Этот «холодный душ» не умерил пыла Берты. Она продолжала переписку с Нобелем, и под влиянием Берты он окончательно проникся желанием мира. Конечно, он и раньше заявлял о своём стремлении к миру, но со временем, как мы можем это видеть, оно кристаллизовалось и становилось более сознательным; его забота о мировом порядке постепенно приобретала новое качество.
И деятельность политиков теперь не вызывала ничего, кроме раздражения и негодования.
Однажды Нобель открыто объявил себя «социалистом, но только с оговорками». Он и сам был «сплошной оговоркой», что иногда доходило до противоречий. И действительно, социалист, который не выносил демократии и презирал любые выборы, — это более чем странный социалист. Конечно, он верил во «всеобщее просвещение», так как считал, что оно ведёт к преображению человечества. Однако, будучи хозяином многочисленных предприятий, он всячески отстранялся от жизни рабочих, которые, впрочем, его уважали и даже восхищались им, а некоторые из них считали его своего рода сверхъестественным существом, и их вера поддерживалась тем, что они его никогда не видели. Желая, чтобы ему не мешали, он посещал свои заводы по воскресеньям. Тем не менее, на его предприятиях, видимо, не было никаких социальных конфликтов, что, впрочем, не обязательно свидетельствует о том, что на них царила здоровая атмосфера: трения между рабочими и администрацией часто оказываются гарантом его жизнеспособности.
Как вспоминает сотрудник и биограф Нобеля Раньяр Шольман, Альфред принадлежал к тому типу хозяев, которые стремятся сохранять дистанцию между собой и другими: «Он никогда не переступал границы, отделявшей его от рабочих.
Это было полной противоположностью той линии поведения, которую избрал его брат Людвиг, который постоянно беспокоился об условиях жизни рабочих и которого с полным правом можно считать пионером социального прогресса как в среде инженеров, так и в среде низшего персонала».

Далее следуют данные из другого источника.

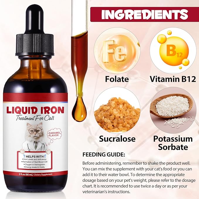 - Energy levels & Vitality - The liquid iron dirops works by increasing hemoglobin levels, and transporting and utilizing oxygen to cells of the body. It may also assists cats healthy, increases energy, and enhances athletic performance.
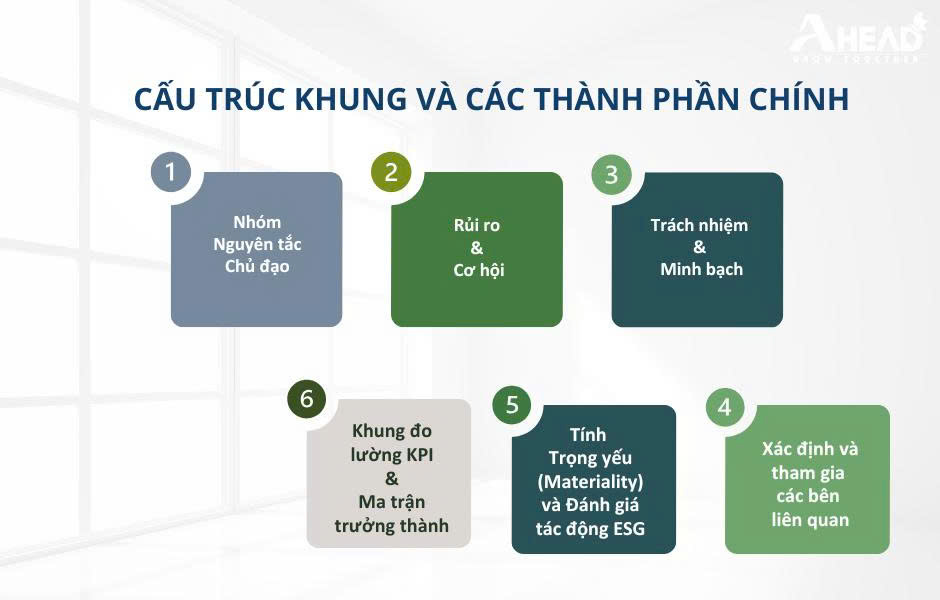A: Có. Trong khung có phần KPI đo lường cho từng trụ cột (E, S, G) và ma trận trưởng thành. Tuy nhiên, doanh nghiệp cần tùy chỉnh KPI phù hợp với hoạt động thực tế của mình.

Конечно, Нобель стремился, чтобы на его предприятиях меры безопасности соблюдались и совершенствовались. Если вспомнить о его прежнем пренебрежительном отношении к этой проблеме, так роднившем его с отцом, и том печальном опыте, который он вынес из своей жизни, то становится понятным, почему Нобель пересмотрел свои позиции и отказался от своей беспечности. Нобель уже не был человеком, способным производить нитроглицерин в комнате и тем более в жилом доме, равно как и на барже посреди озера.
В мастерских Нобеля, «воспламенённого любовью к человеческому роду» и мечтавшего о новом, более совершенном мире, тем не менее, работали дети. Это было нормальным явлением для той эпохи. А в оправдание Нобеля можно привести следующие его слова: «Когда-нибудь, когда цивилизация станет цивилизацией в полном смысле этого слова, те, кто ещё не может работать, то есть дети, и те, кто уже не может работать, то есть старики, непременно будут получать от государства пенсию. И это будет справедливо. А реализация этого плана будет делом более лёгким, чем принято считать».
Его слова были пророческими. Но сам он их реальностью сделать не пытался: время для этого ещё не наступило…
Но вернёмся к баллиститу. Нобель предложил Государственному управлению по делам пороха свой новый продукт, полагая, что сможет снабжать им французскую армию. Было ли ему тогда известно, что у французских военных уже было взрывчатое вещество — порох Сарро-Вьеля, или порох В?